Read About Local Food in Edible Chespeake
A brief article on our June discussion about local food will also be in Edible Chesapeake’s fall issue. If you didn’t have a chance to look at the copies of the magazine we had at the talk, check out the web site at www.ediblechesapeake.com. This is a great publication for the growing community of local food devotees around our region.
Get On Top of the Grass-Fed Beef Discussion
The article “What’s the Beef?” in Tuesday's Washington Post Health section grudgingly allowed the health benefits of grass-fed beef versus grain-fed beef, but left the impression that the benefits might not be worth the price difference, either in nutrition or in taste (www.washingtonpost.com/wp-dyn/content/article/2006/07/31/AR2006073100891.html). Taste is certainly a personal thing, and the flavor of grass-fed beef can be unfamiliar to Americans brought up believing corn-fed is the gold-standard of beef. What the article does not include is the fact that cows are not built to eat corn. In fact, they have only been doing so for the past 50 or so years, since American industrial agriculture made it more economical for farmers to pen cows up in feedlots and grow corn on their land, than to grow grass and let cows graze the land. Animal welfare screeds aside, forcing cows to digest a substance unnatural to their bodies is part of the reason prophylactic antibiotics are used so widely in beef production. Some studies also suggest it creates subtle alterations in the digestive tracts of cows that allow the e.coli bacterium to flourish, leading to more incidences of food poisoning.

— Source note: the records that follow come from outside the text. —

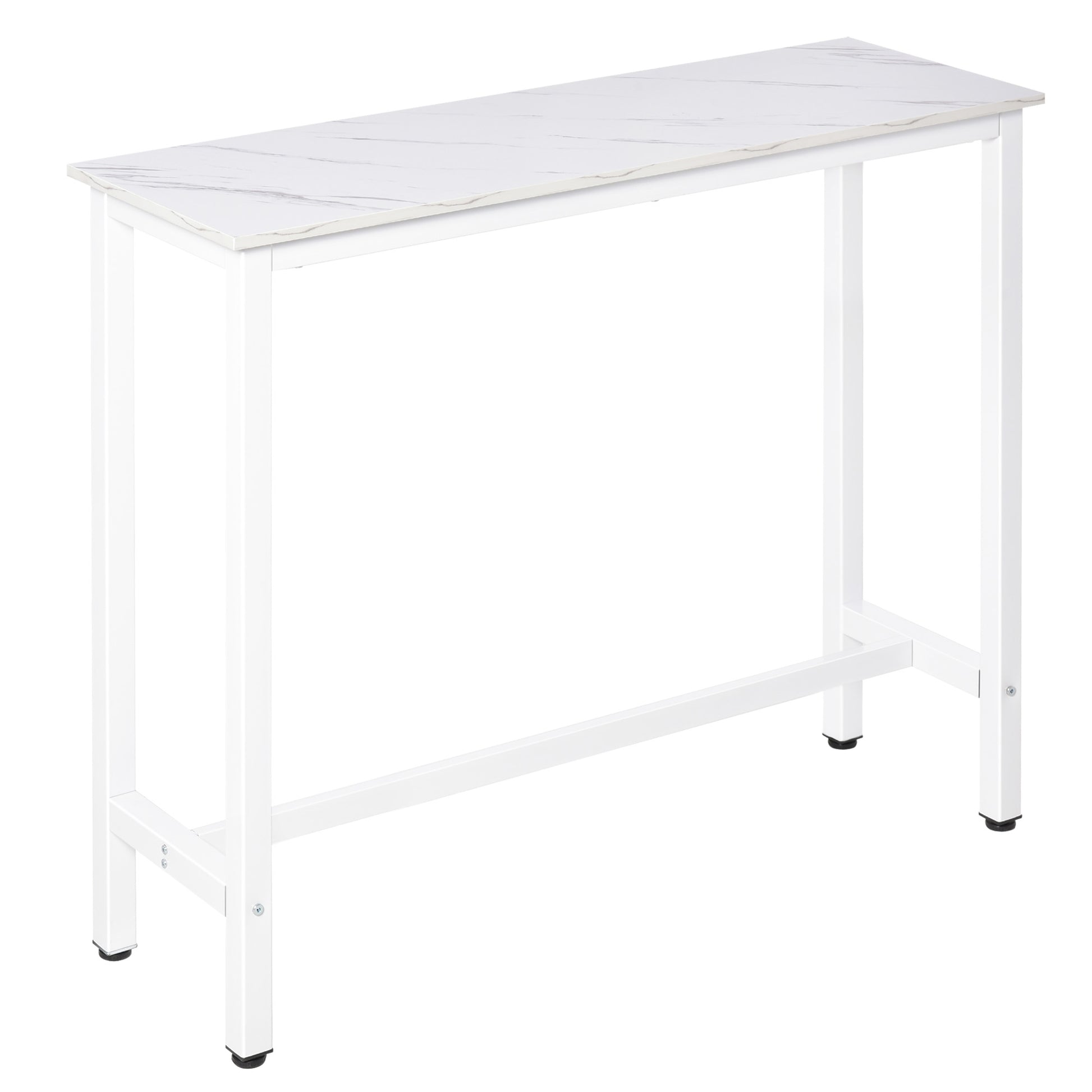 HOMCOM Barna Miza z Melaminsko Pulti s Efektom Mramora in Jeklenimi Noge Moderni Stil za Kuhinjo, Kavarnico ali Jedilnico 120x40x100 cm Bela
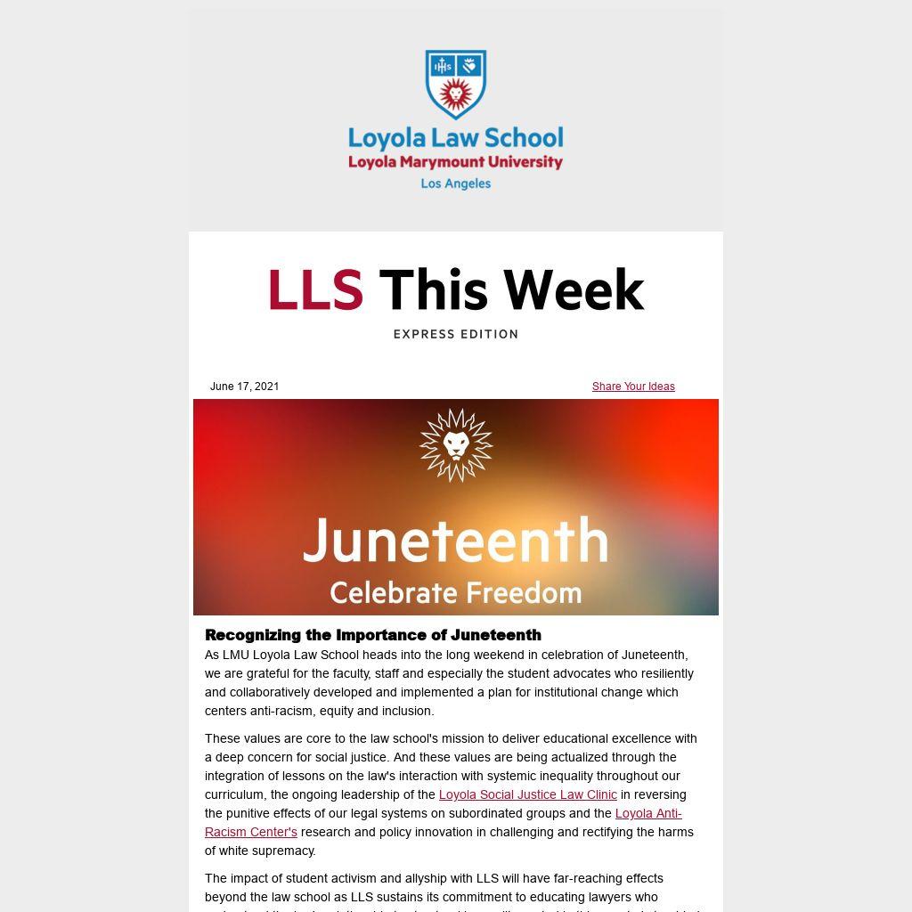As LMU Loyola Law School heads into the long weekend in celebration of Juneteenth, we are grateful for the faculty, staff and especially the student advocates who resiliently and collaboratively developed and implemented a plan for institutional change which centers anti-racism, equity and inclusion.
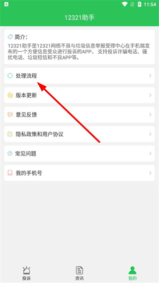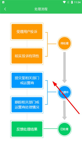 3、在处理流程页面,即可查看完整的处理流程图,包含受理投诉、核实有效性等环节及状态流转。
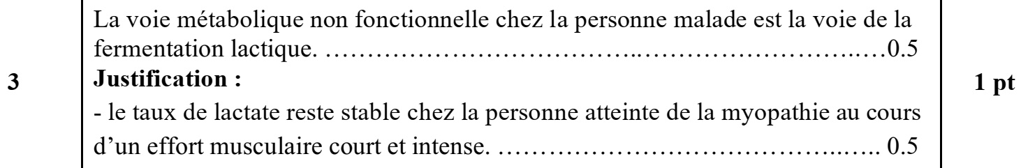 3. En vous basant sur les deux documents 1 et 2, déduisez la voie métabolique non fonctionnelle chez la personne atteinte de la myopathie étudiée lors d’un exercice physique intense et de courte durée. Justifiez votre réponse. (1pt)
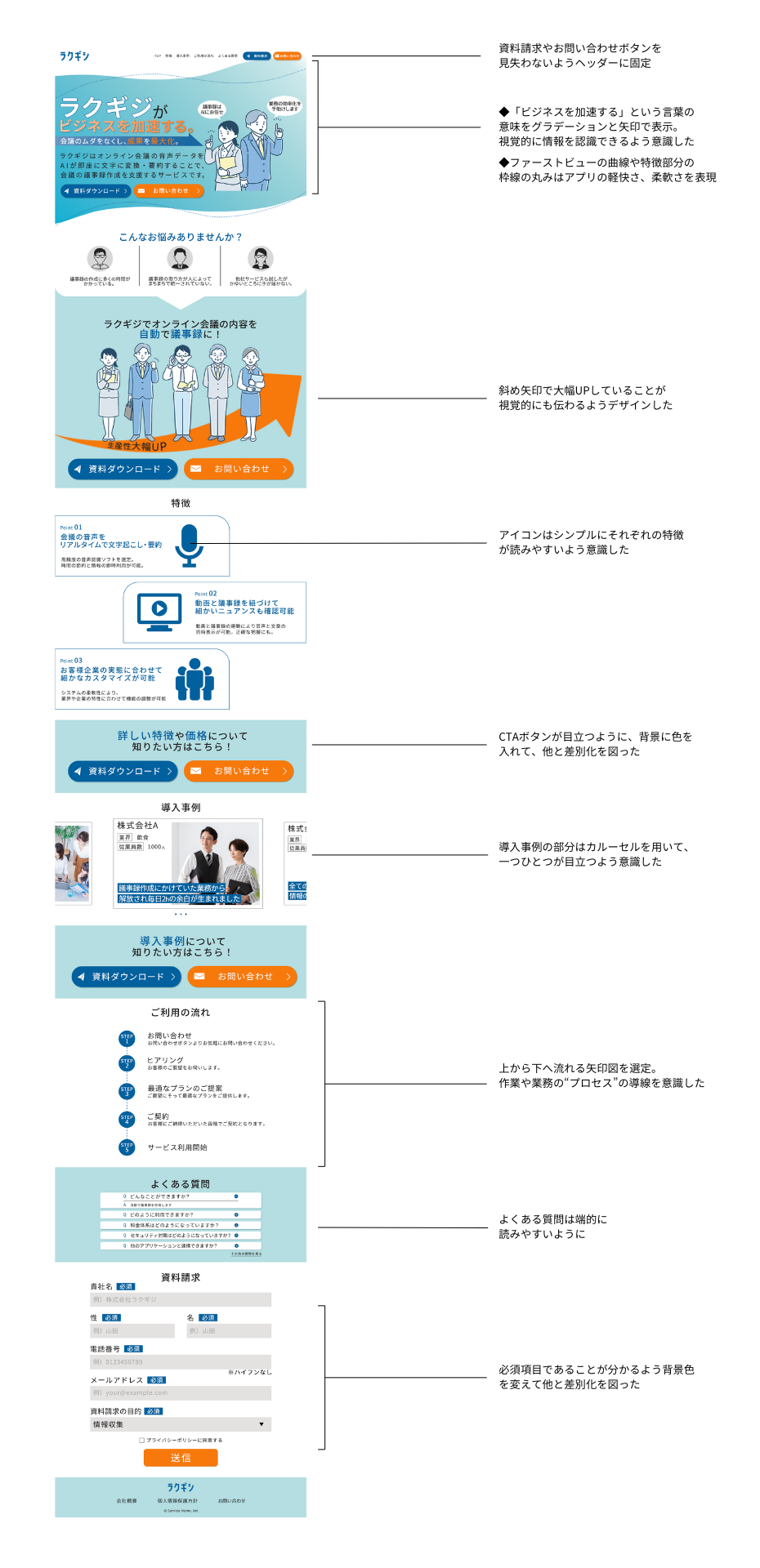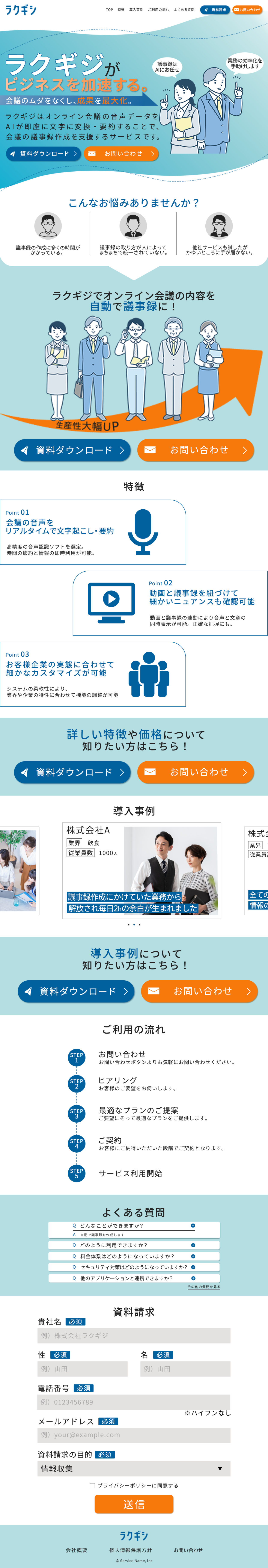 ・サービスの特徴やメリットを伝え、サービスに関心を持ってもらい詳細資料をダウンロードしてもらう

Check Out Michael Pollan's New Book
Michael Pollan’s recent book, The Omnivore’s Dilemma, contains an excellent and understandable description of this whole strange system of industrial beef production. Also, for more information on grass-fed beef, and the latest research about it and its health benefits, check out http://www.csuchico.edu/agr/grassfedbeef/index.html ,
a website that's a collaboration between University of California Cooperative Extension Service and California State University, Chico.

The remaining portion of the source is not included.